Christine xxxxxxxxxxxx


AFTER A FEW MORE DAYS AT SEA: TUESDAY 24 FEBRUARY 2015
We left Easter Island on the evening of Saturday 21st and it is already Tuesday 24th – does that mean at last I am getting used to being on this boat with 2800 other “people” (plus the 900 crew who appear always to be the best educated/brought-up people on-board)? In all cases it is less “stressful” than the first few weeks!

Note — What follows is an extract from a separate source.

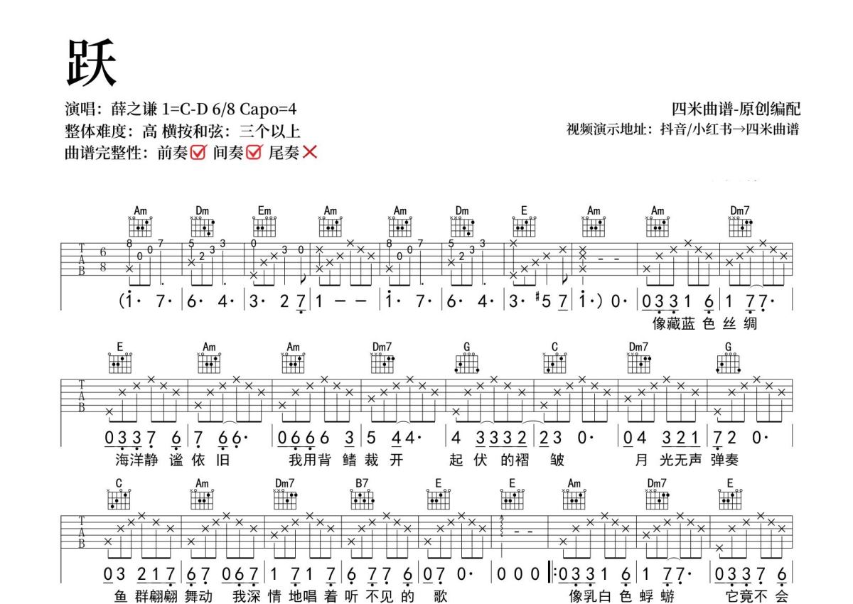 《跃》是薛之谦演唱的一首歌曲,拍号为6/8拍,歌曲原调为E调,但由于原调指法比较难,为了方便弹奏,本吉他谱采用的是C调指法编配,变调夹4品弹奏即为原调,当然也可以根据自己的音域改变变调夹位置,或者通过改变和弦调性,以方便自己弹奏,这份吉他谱共有两张高清图谱,图谱由 @SRV7758521 编配上传,图谱使用六线谱编配,包含吉他和弦指法、简谱以及歌词部分,使用这份跃吉他谱,可以让你更加方便地掌握这首歌曲的弹唱技巧,快来尝试吧。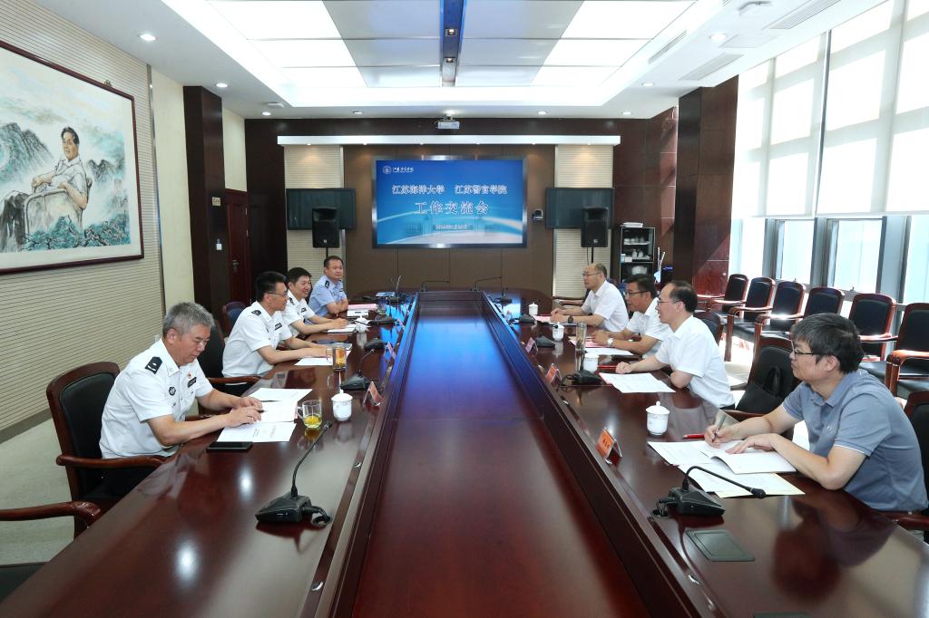 7月25日,江苏海洋大学党委常委、副校长郑利军和党委常委、纪委书记、省监委派驻监察专员徐双俊一行4人来beat365调研。学院党委委员、纪委书记、省监委派驻监察专员殷其新出席座谈交流。

Easter Island went really well for us. I had initially understood that we would moor off the northern coast, far from the village. As, at that time, there were no more “Costa” excursions available, I had worked out a full day’s walking programme for us along the coast to visit a “hidden bay” and numerous statues on the northern coast. But the older couple (from dinner), who wanted to visit Easter Island with us, would they be able to do the 8-10km up/down march among the coastline and rough tracks? That was first problem. Thereafter we found out that if we did not do the Costa excursions we would have to buy a $60 per person “visitors permit”. We then learnt that we would moor in the port near the village on the west coast – far too far to walk to the northern coast! The day before arriving at Easter Island I started queuing at 7am for the numbered tickets allowing us to get off the boat next morning after the “priority” Costa excursions (queuing at 7am for an 8am opening of the ticket distributing office!) – but even at 7am there were already 300-400 people queuing before I got there! That meant that they (rightfully) would get off before us and all the buses/minibuses/taxis/private cars cum taxis would probably be gone before we got ashore!! (The population is only 5400 on all the island and we were 2900 tourists and some part of the 900 crew needing transport to go visiting!). By “miracle”, Christine stopped by the Costa excursion desk the same morning (after my soul destroying queuing) and got some “rare extra” tickets for a Costa excursion!! (Additional tickets in response to the overwhelming demand!!).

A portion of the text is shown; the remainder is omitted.